TASK TO CARRY OUT: Give the lines below again exactly, starting with the line that holds "This black t-shirt" and going on through the line that holds "Ecru Girls Floral".

DATA FOR PROCESSING:

----------------

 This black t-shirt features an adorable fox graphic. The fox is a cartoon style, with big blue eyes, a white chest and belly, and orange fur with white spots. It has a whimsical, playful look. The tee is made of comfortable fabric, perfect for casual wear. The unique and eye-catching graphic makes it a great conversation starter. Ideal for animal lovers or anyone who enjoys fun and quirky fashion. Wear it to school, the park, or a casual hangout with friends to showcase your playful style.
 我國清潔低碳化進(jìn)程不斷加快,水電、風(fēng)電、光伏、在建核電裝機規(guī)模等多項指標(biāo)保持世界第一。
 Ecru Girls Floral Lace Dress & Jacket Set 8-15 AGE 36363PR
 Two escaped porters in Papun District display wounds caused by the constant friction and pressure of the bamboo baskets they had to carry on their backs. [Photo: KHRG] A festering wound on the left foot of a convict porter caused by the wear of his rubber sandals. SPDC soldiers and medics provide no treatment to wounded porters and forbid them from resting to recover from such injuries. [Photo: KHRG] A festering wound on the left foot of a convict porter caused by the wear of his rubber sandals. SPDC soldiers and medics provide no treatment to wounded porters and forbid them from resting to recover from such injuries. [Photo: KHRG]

----------------

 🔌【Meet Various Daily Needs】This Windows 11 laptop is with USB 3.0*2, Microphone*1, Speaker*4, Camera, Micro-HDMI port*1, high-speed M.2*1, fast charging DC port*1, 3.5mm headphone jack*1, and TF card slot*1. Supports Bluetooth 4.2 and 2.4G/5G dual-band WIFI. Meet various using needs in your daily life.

----------------

TASK RESPONSE:
 This black t-shirt features an adorable fox graphic. The fox is a cartoon style, with big blue eyes, a white chest and belly, and orange fur with white spots. It has a whimsical, playful look. The tee is made of comfortable fabric, perfect for casual wear. The unique and eye-catching graphic makes it a great conversation starter. Ideal for animal lovers or anyone who enjoys fun and quirky fashion. Wear it to school, the park, or a casual hangout with friends to showcase your playful style.
 我國清潔低碳化進(jìn)程不斷加快,水電、風(fēng)電、光伏、在建核電裝機規(guī)模等多項指標(biāo)保持世界第一。
 Ecru Girls Floral Lace Dress & Jacket Set 8-15 AGE 36363PR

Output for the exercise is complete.